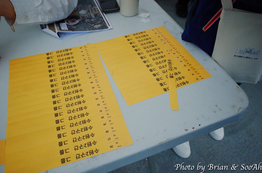 참가 지역 또는 형태에 따라 구분된 리셉션으로 찾아가서는, 도착 여부를 확인하고는 행렬에서 맡게 될 역할과 그에 따른 복식을 지급 받고는 역할과 위치에 따라 배정된 천막으로 가서는 거기서 옷을 갈아입고는 행차가 실제 출발하는 4시까지 대기를 해야 했습니다. 그리고 그 텐트 안에는 텐트에 배정된 그룹이 들고 갈 기물들이 배역 번호에 따라서 준비가 되어 있었습니다.
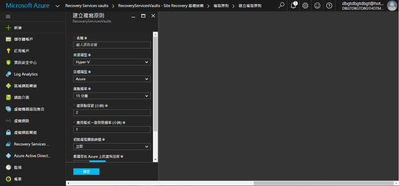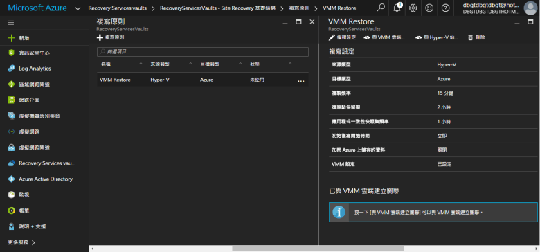 [ 新增 Microsoft Azure Site Recovery 複寫原則 (VMM Restore) ]
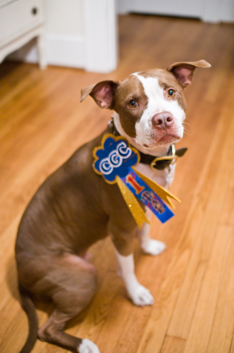 I first “met” Shiner through this blog when her owner, L, emailed me to ask about the Center’s reactive dog class. She and Shiner were in a class at another training facility where one of the methods of “training” Shiner not to react to other dogs was to jerk the leash so hard that Shiner would — literally — flip over. L had a bad feeling about the class and how things were going, and reached out to me to inquire whether the Center’s methods might be more up her alley. L had originally selected the other class because it was less expensive, and she and her partner needed to make the most of their limited training budget.

* [What to produce]:
Print the data once more without any change, skipping each picture.

* [Task solution]:
 참가 지역 또는 형태에 따라 구분된 리셉션으로 찾아가서는, 도착 여부를 확인하고는 행렬에서 맡게 될 역할과 그에 따른 복식을 지급 받고는 역할과 위치에 따라 배정된 천막으로 가서는 거기서 옷을 갈아입고는 행차가 실제 출발하는 4시까지 대기를 해야 했습니다. 그리고 그 텐트 안에는 텐트에 배정된 그룹이 들고 갈 기물들이 배역 번호에 따라서 준비가 되어 있었습니다.
 [ 新增 Microsoft Azure Site Recovery 複寫原則 (VMM Restore) ]
 I first “met” Shiner through this blog when her owner, L, emailed me to ask about the Center’s reactive dog class. She and Shiner were in a class at another training facility where one of the methods of “training” Shiner not to react to other dogs was to jerk the leash so hard that Shiner would — literally — flip over. L had a bad feeling about the class and how things were going, and reached out to me to inquire whether the Center’s methods might be more up her alley. L had originally selected the other class because it was less expensive, and she and her partner needed to make the most of their limited training budget.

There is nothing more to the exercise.